“Mind the Gap”

January 13, 2020

Originally published in The Laconia Daily Sun ›

If you have spent time in London and traveled on the London Underground, you will perhaps smile when I mention “mind the gap.”  I’m working in London this week and maneuver around the City from one meeting to another on the “tube” as it is called here.   At each stop a woman’s voice announces the name of the station, followed by a male voice reminding passengers to: “Mind the gap as you enter and leave the platform.”

On Sunday I traveled by train to the village of Beaminster in Dorset on the South West Railroad.  The closest rail stop is Crewkerne in Somerset, a three-hour journey from Waterloo Station.  Often traveling by rail, I will slip into a book.

On this trip soon after we passed through the urban landscape around London the landscape became rolling hills that seemed to rise and fall as if someone has taken a large swarth of earth and let it float to the ground.  Pastures marked off by hedges and rows of trees.  Fields laying fallow until the spring formiing large rectangles.  Sheep grazing and resting lazily in the fields. Bare trees at the top of the hills fanned out and appearing like lace against the horizon. It is difficult to describe the green color of the fields.  Viridescent, a word from the Latin, is a word botanist have used to describe the green in nature.  Or verdant, from the French word for green.  The sun was playing hide and seek with the floating clouds so one or another of the fields would be highlighted by rays of  light.

As it was late on Sunday morning occasionally one would notice people walking their dogs in the fields or along streams.  The British love their daily walks, dogs, gardens and tea. In that order.

At the head of the car was a digital sign that announced each stop with moving red pixel letters. It also reminded one to “mind the gap.”

I was in Beaminster to visit John and Jennie Makepeace.  John is one of Britain’s leading furniture designers and the founder of Hooke Park, now the Architectural Association’s woodland site in Dorset.  It is a 150-hectare (350 acre) working forest that is an educational facility for design, workshop, construction and landscape-based activities. Students live at Hooke Park to work on developing new rural architecture and think about the use of timber and other self-sufficient materials. After lunch John gave me a tour of Hooke Park and we had an opportunity to have a conversation with one of the students.

It was late when John drove me back to Crewkerne to catch the train back to London.  Now the carriages were full of people returning from the weekend. The black night sky had removed the view through the window.
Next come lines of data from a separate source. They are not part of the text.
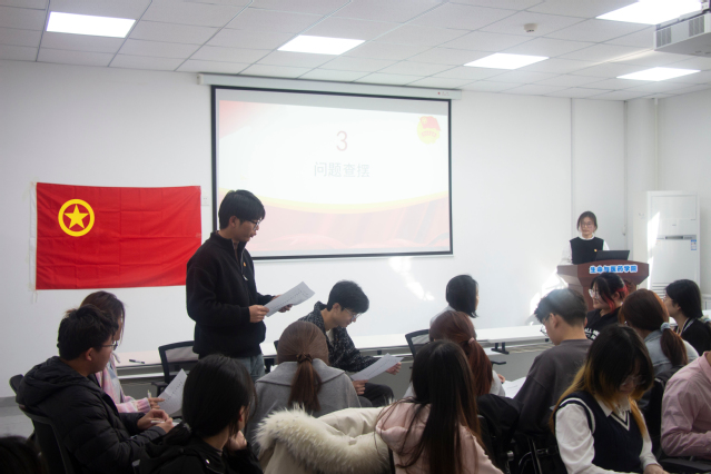 会议伊始,吴晓菲简要通报了会议主题及内容,代表支部对老师们现场指导表示欢迎。在核查到会团员人数符合开会要求的前提下,带领大家重温了习近平总书记对广大团员青年争做“五个模范,五个带头”的殷殷嘱托,着重就《共青团员纪律处分条例(试行)》有关内容进行了学习,通报了团支部委员会纪律建设情况以及团支部在团员和青年主题教育专题组织生活会查摆问题的改进落实情况。随后,吴晓菲带头逐一对照习近平总书记对新时代共青团员提出的“做崇德向善、严守纪律的模范,带头明大德、守公德、严私德,严格遵纪守法,严格履行团员义务”重要要求、团的纪律和团员义务以及团员先进性作用发挥等三个方面进行个人问题查摆并听取他人批评意见。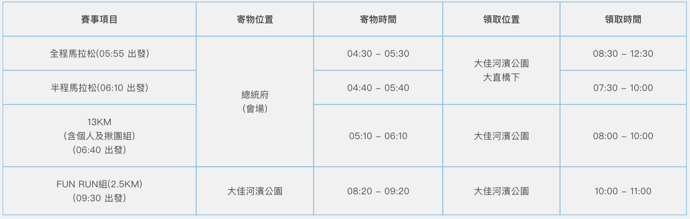 各組別寄領地點及時間一覽表(資訊來源:渣打臺北公益馬拉松官方網站)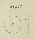 den Durchschnitt einer flachen kreisrunden Scheibe aus Schmiedeisen dar, ungefähr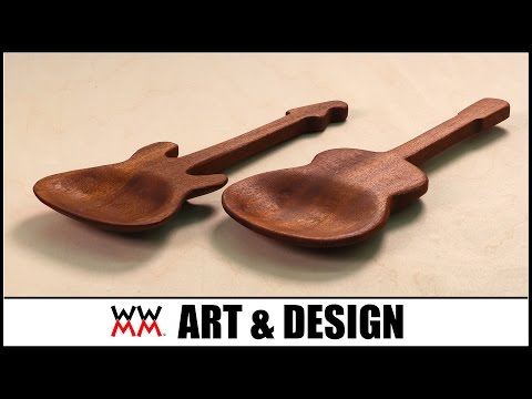 Making wooden spoons is similar to making cutting boards: they both seem to be projects that every woodworker will eventually attempt. Typically, spoons are hollowed out and shaped using carving knives and chisels, but I used my power tools instead. I also opted for non-traditional spoon shapes, making and acoustic guitar and an electric guitar. The wood is mahogany. These are not the most practical utensils but intended as decorative pieces for hanging on the wall.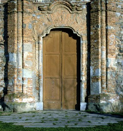 L'entrata principale, però, non era un tempo posizionata a ovest, bensì a nord, verso la strada che conduceva al centro abitato; un'apertura secondaria era sul lato sud verso la valle. Così, senza soffitto e sagrestia, con una piccola campana appesa tra due pilastri molto rozzi sul tetto, rimase fino alla fine del Cinquecento.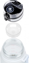 Let og robust flaske af certificeret tritan, der sørger for nem hydrering hele dagen. Takket være det smarte låg med lås slipper der ikke en dråbe ud, og flip-top mundstykket giver hurtig drikning med én hånd. Den integrerede si er perfekt til smagssat vand med frugt og til te – materialet er også egnet til varme drikke.
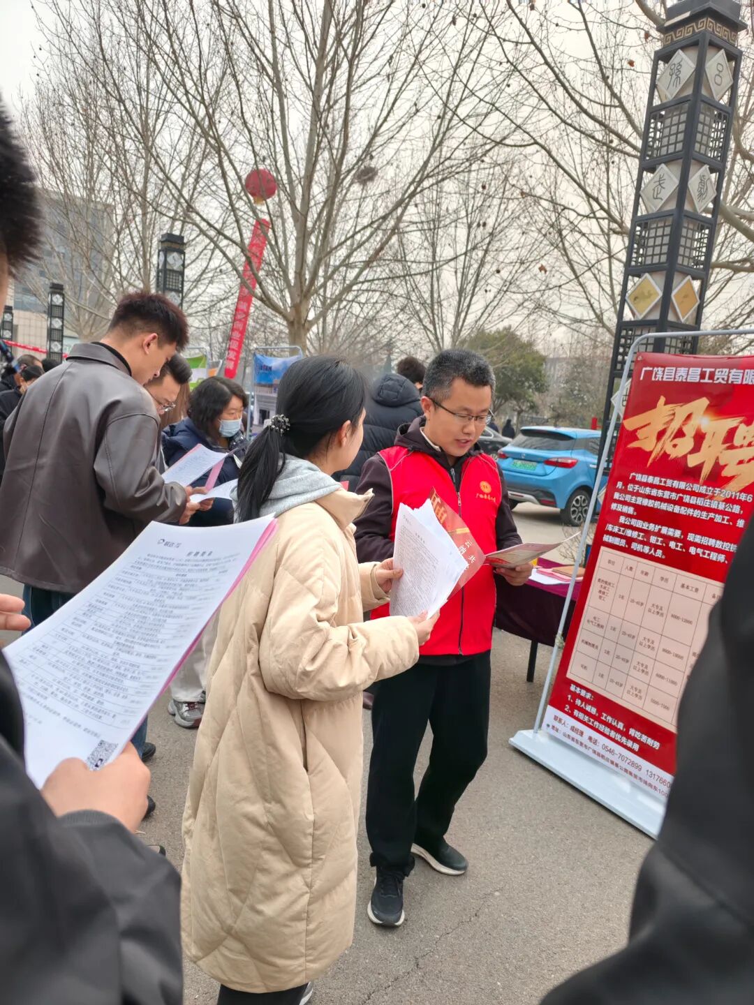 在春季就业招聘会现场,广饶县总工会设立工会服务点,主动与用工需求企业负责人和求职意向职工面对面交流。

I began to think about “the gap”.  The difference between the excesses of urban life, noise, frenetic activity, objects (often too many) and the simplicity of rustic solitude. There was nothing as peaceful and beautiful as the fields I had passed through or seeing the spire of Salisbury Cathedral in the distance.   I began to think about the gaps in cultures and religion that cause much of the anger and violence in our world.

Wouldn’t it be a much more peaceful place if we all were just mindful (and accepting) of the gaps:  between our cultures, religions and ways of living.